Monitoring Azure applications – Part 2

The “Monitoring Azure applications” series:

• Part 1: Enabling instrumentation and monitoring in your Azure app(s)
• Part 2: Setting up the handshake
• Part 3: Discovering your application
• Part 4: When things don’t work

In this blog post I’m going to cover how to get the certificate pieces setup, which allow mutual authentication between Azure applications and your OpsMgr infrastructure.  Since I primarily came from an OpsMgr background, I had very little experience with certificates and I definitely didn’t know what was involved in the Azure side.

The first thing that needs to be sorted out is authentication between your Azure application(s) and your OpsMgr manager infrastructure.  Given that we’re talking about potentially sensitive data, which is being routed over the internet, it’s very important that this whole channel be as secure as possible.  Since we can’t rely on a domain level-trust we have to use an approach not entirely unlike certificate based mutual authentication for agents, but since we’re working Azure, we’re going to be authenticating with the Windows Azure Service Management API instead of with one or more HealthServices.  No need to worry though, all communication with the Service Management API is mutually authenticated over SSL.

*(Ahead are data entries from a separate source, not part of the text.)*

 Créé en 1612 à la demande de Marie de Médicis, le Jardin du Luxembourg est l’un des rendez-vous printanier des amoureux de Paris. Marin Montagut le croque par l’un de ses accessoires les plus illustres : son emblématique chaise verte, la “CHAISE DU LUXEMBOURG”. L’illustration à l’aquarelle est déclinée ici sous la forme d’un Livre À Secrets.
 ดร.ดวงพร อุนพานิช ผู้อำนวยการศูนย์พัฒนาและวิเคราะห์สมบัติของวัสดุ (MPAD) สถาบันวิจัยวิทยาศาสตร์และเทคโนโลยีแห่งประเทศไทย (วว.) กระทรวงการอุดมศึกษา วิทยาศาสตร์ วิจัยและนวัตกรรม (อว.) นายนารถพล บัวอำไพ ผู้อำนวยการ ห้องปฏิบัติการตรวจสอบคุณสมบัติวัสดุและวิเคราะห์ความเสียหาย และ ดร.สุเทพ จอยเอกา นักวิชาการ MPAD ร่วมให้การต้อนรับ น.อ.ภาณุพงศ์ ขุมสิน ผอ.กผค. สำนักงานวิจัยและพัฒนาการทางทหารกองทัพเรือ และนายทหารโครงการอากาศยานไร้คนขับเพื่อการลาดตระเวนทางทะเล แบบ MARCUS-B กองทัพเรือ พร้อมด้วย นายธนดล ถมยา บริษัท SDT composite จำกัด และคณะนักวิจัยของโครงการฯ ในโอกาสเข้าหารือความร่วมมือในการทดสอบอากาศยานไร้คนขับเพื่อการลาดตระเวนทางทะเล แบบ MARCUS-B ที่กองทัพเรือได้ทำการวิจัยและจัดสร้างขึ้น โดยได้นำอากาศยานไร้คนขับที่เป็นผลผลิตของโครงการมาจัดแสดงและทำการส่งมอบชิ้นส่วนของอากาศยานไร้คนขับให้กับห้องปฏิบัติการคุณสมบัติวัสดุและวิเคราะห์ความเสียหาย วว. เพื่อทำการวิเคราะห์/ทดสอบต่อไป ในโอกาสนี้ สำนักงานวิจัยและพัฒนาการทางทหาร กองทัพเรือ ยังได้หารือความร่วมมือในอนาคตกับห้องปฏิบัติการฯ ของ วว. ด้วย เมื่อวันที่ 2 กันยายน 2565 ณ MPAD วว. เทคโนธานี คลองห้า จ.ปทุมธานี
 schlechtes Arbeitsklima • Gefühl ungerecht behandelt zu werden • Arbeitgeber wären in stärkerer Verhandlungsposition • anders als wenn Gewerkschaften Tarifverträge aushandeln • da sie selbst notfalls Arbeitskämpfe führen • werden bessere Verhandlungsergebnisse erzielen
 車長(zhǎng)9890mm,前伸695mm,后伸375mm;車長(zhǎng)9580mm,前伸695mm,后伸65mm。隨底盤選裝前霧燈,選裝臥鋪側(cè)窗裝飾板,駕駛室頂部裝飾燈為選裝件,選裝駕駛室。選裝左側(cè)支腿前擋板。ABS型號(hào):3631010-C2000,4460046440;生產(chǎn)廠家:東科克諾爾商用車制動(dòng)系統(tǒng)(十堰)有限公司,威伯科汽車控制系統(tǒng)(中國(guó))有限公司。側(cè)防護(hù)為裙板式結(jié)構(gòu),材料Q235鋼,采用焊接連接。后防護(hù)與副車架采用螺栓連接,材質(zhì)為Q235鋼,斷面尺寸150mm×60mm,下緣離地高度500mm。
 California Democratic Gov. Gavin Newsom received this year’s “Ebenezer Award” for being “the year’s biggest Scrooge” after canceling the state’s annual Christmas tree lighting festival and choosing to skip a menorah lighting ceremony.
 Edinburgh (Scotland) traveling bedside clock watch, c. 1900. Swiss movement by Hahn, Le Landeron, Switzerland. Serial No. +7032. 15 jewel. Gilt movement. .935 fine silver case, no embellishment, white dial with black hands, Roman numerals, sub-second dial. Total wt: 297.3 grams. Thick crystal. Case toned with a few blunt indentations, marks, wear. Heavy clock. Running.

Create a certificate to be used

As I mentioned, I’m not really a pro in this area, so I won’t run the risk of misinforming folks on how to get your hands on a certificate.  Within Microsoft, we have a formalized process for requesting certificates from our central certificate authority, so that is what we did.  Later, I found that Walter Myers gives some great instructions in his primer (starting about 1/3 of the way down) on how to create a certificate yourself with IIS, and that cleared up a lot of things for me.  Following are the key (sorry, but I couldn’t resist) best practices we learned:

1. We extended the expiration date of the cert for as long as we could: You will have to renew your certs, but the further apart that can be, the less effort on your part.  The trade-off here is risk, but you can always programmatically push out a new cert and remove the old one if you need to.
2. We keep the private key (.PFX), and its password, secret and safe:  Anyone who gets this certificate can do anything with the Azure applications it gets added to.  Those who are familiar with certificates or the service management API
   are thinking this is obvious, but for me as an OpsMgr administrator, this is a good reminder as I don’t work with certificates much at all and up until I’d never worked with the service management API.

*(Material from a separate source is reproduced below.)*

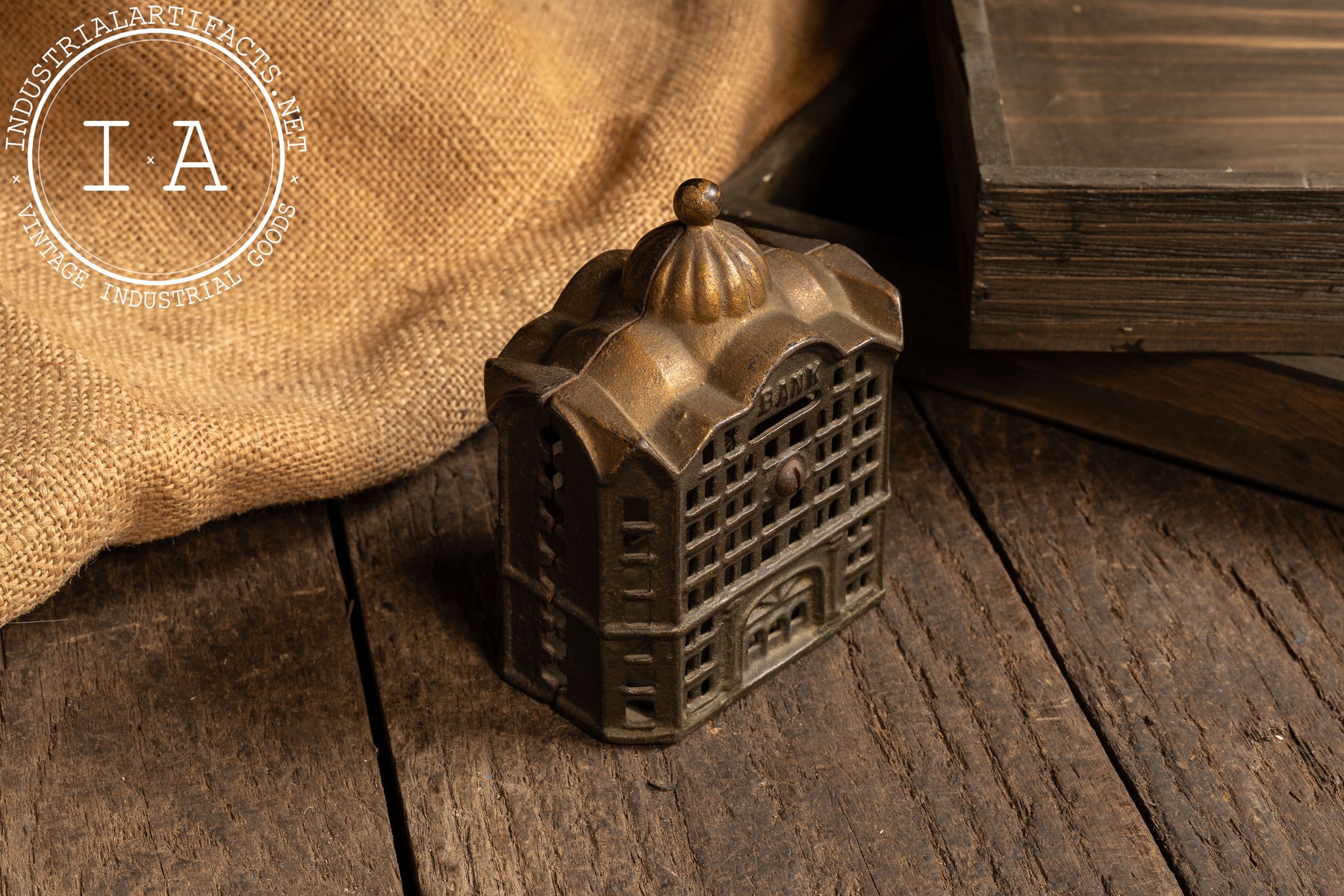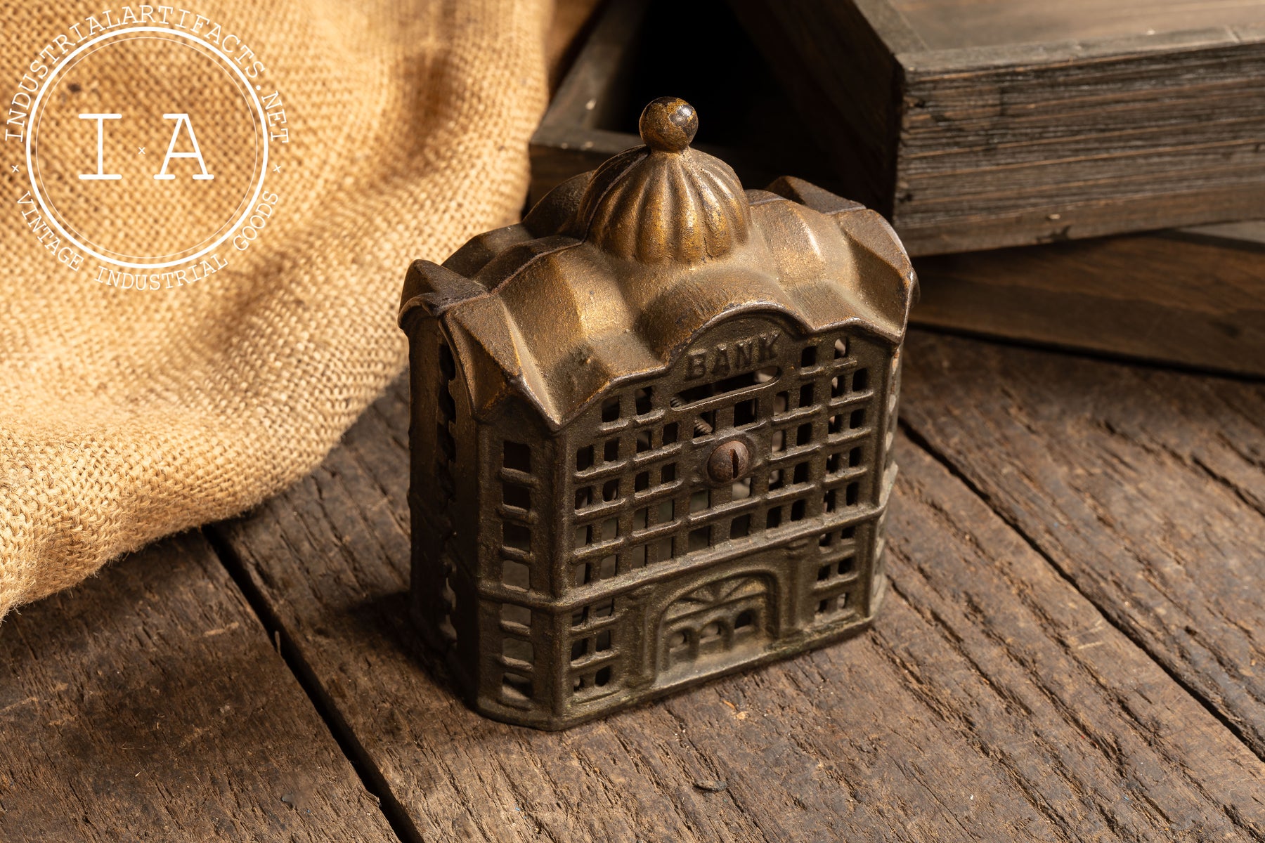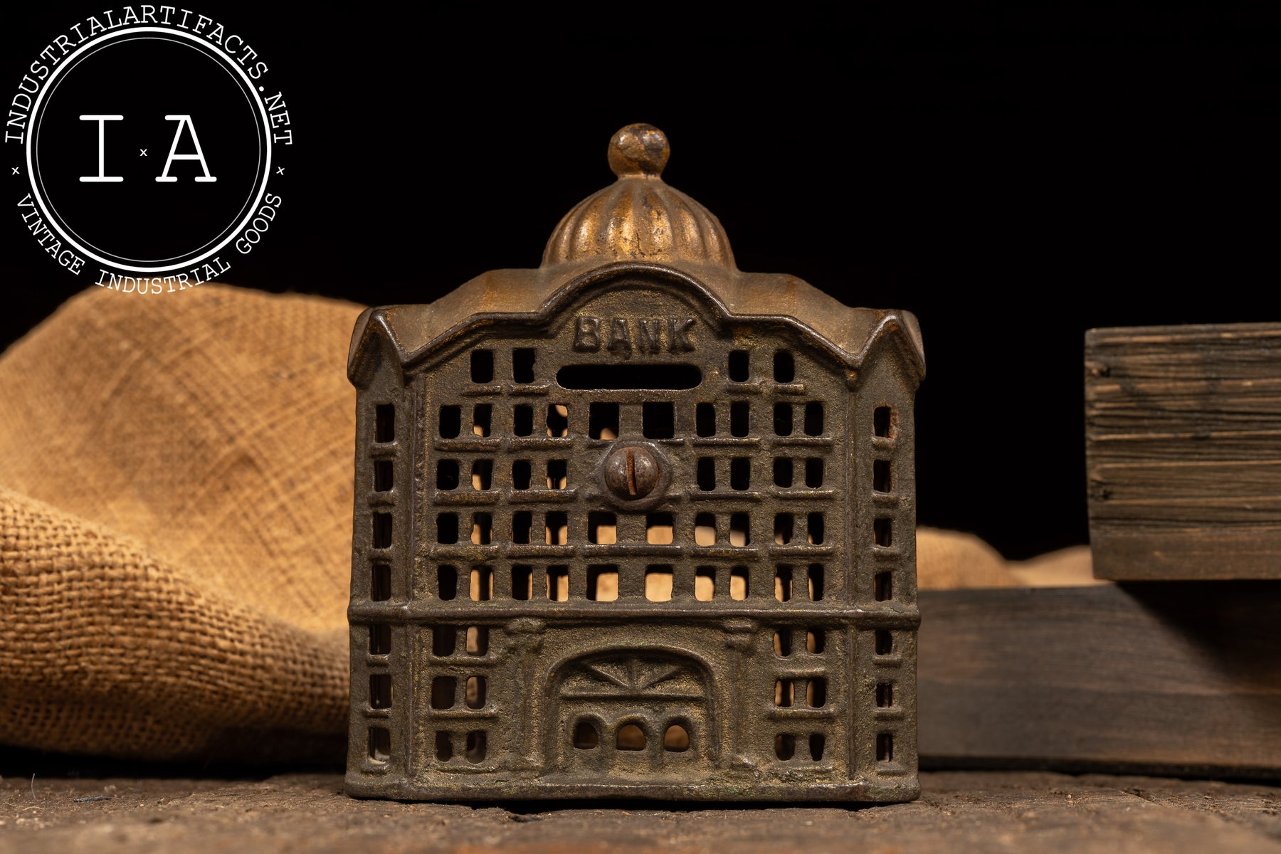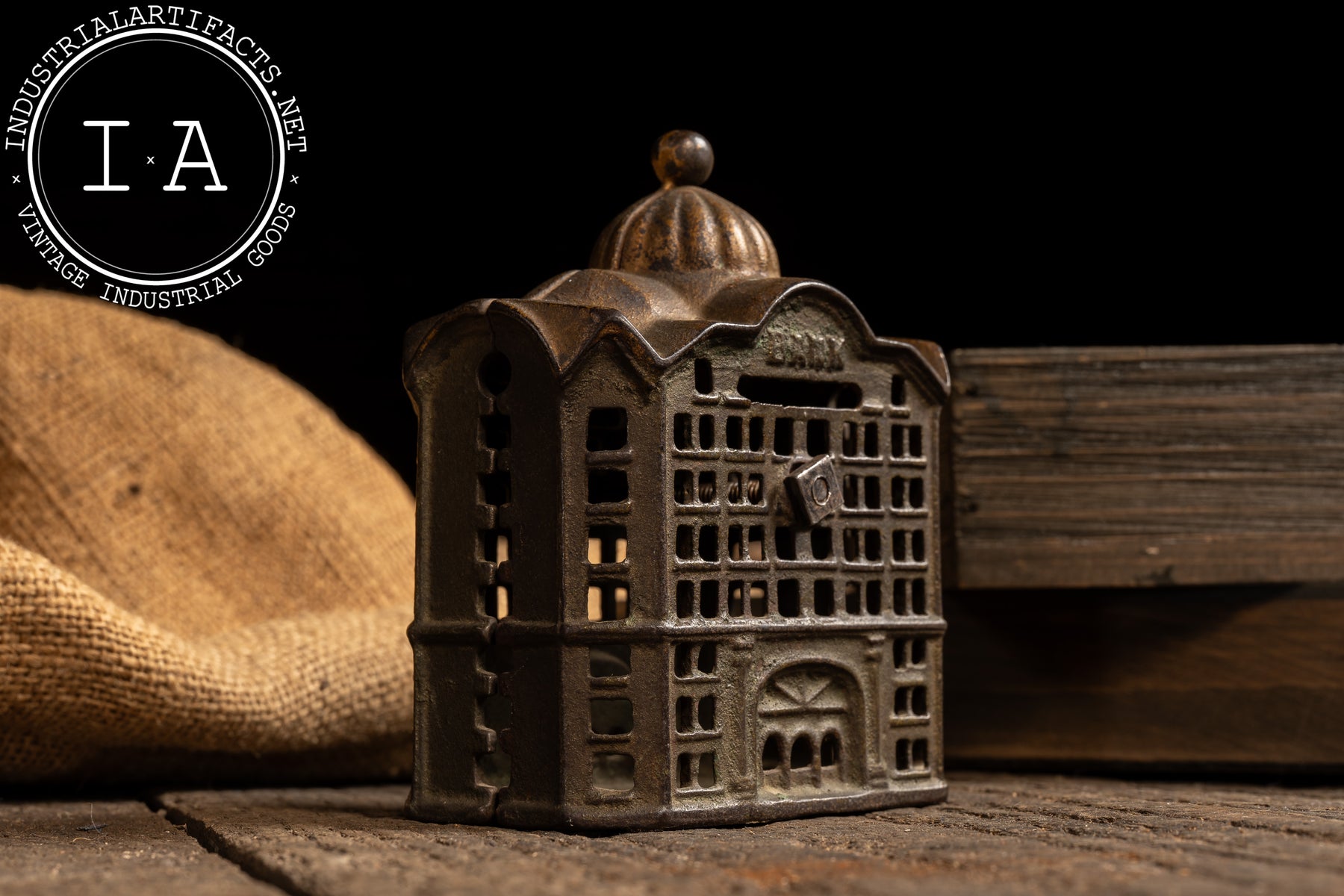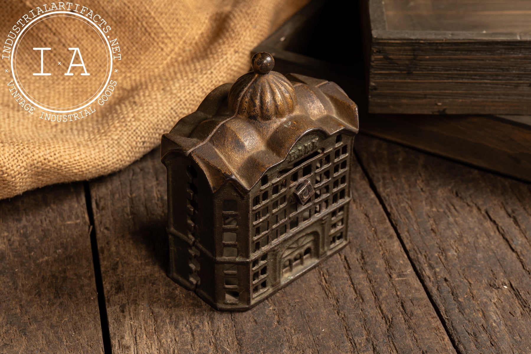Cast iron architectural still bank modeled as a multi-story commercial building, featuring rows of punched windows, an arched entryway, and a domed rooftop finial. The word "BANK" is cast above the coin slot, reinforcing the piece's intended use as both a savings bank and a symbolic teaching object. The form is weighty and solid, with crisp molded details that reflect A. C. Williams' reputation for durable, well-executed cast iron novelties. Designed without a trap door, coins were intended to remain sealed inside, emphasizing thrift and long-term saving-an approach common to early American still banks.

Add the public key (.CER) to your Azure subscriptions as a “Management Certificate”

Once we have the certificate we now need to configure the Azure subscriptions, so that they will accept communications signed with this certificate.  We do this by uploading the public key portion of the certificate up to our subscription, as a managed certificate.  Following are the steps involved:

1. Export the public key (.CER file) from the private key (.CER file).  Again, this is covered well in Walter Myers’ primer Open the Azure management portal Click on Hosted Services, Storage Accounts & CDN
2. In the left-hand folder list click on Management Certificates
3. For each subscription you want to monitor, click the Add Certificate and import the certificate for each

Create the Run As Accounts required for certificate based authentication

Lastly, we need to create two RunAs accounts within Operations Manager, which contain the full certificate (binary authentication) and the password to access the full certificate (basic authentication) respectively.  This too, is a relatively new concept, even for folks with an OpsMgr background, but fortunately you only have to set it up once.

1. Open the Operations Manager Console

2. Switch to the Administration section

3. Navigate to Run As Configuration -> Accounts

4. Right-Click on the right-hand pane, where the accounts are shown, and select Create Run As Account… to create the binary authentication run as account, which will hold the certificate file:

   1. On the General Properties section select Binary Authentication from the drop-down list for Run As account type and in the display name, we provided something like “Azure Monitoring – Certificate”
   2. On the Credentials section, click browse and navigate to the .PFX file for the certificate
   3. On the Distribution Security section we opted to go with More Secure and then added the Azure watcher node, to the list of systems that were approved to have the account distributed to it.
   4. We then created the account.

5. Back at the Run As Account screen, we need to create a 2^nd run as account.  Right-Click on the right-hand pane, where the accounts are shown, and select Create Run As Account… to create the basic authentication run as account, which will hold the password that is used to access the private key within the certificate:

   1. On the General Properties section select Basic Authentication from the drop-down list for Run As account type and in the display name, we provided something like “Azure Monitoring – Certificate Password”
   2. On the Credentials section, we gave the account name of “Azure Monitoring – Certificate Password”, and the password we put here is the password of the PFX file.
   3. Again, on the Distribution Security section we opted to go with More Secure and then added the Azure watcher node, to the list of systems that were approved to have the account distributed to it.
   4. We then created the account.

Note: The Run As Accounts and Run As Profiles topic gives an overview of the various types of accounts available, and how they relate to profiles.  The Security Considerations section of the Azure MP guide, gives the specific details relevant to this MP.

So that’s it!  Now we have the pieces in place between our Azure subscriptions and our monitoring infrastructure, to allow discovery and monitoring via the service management API.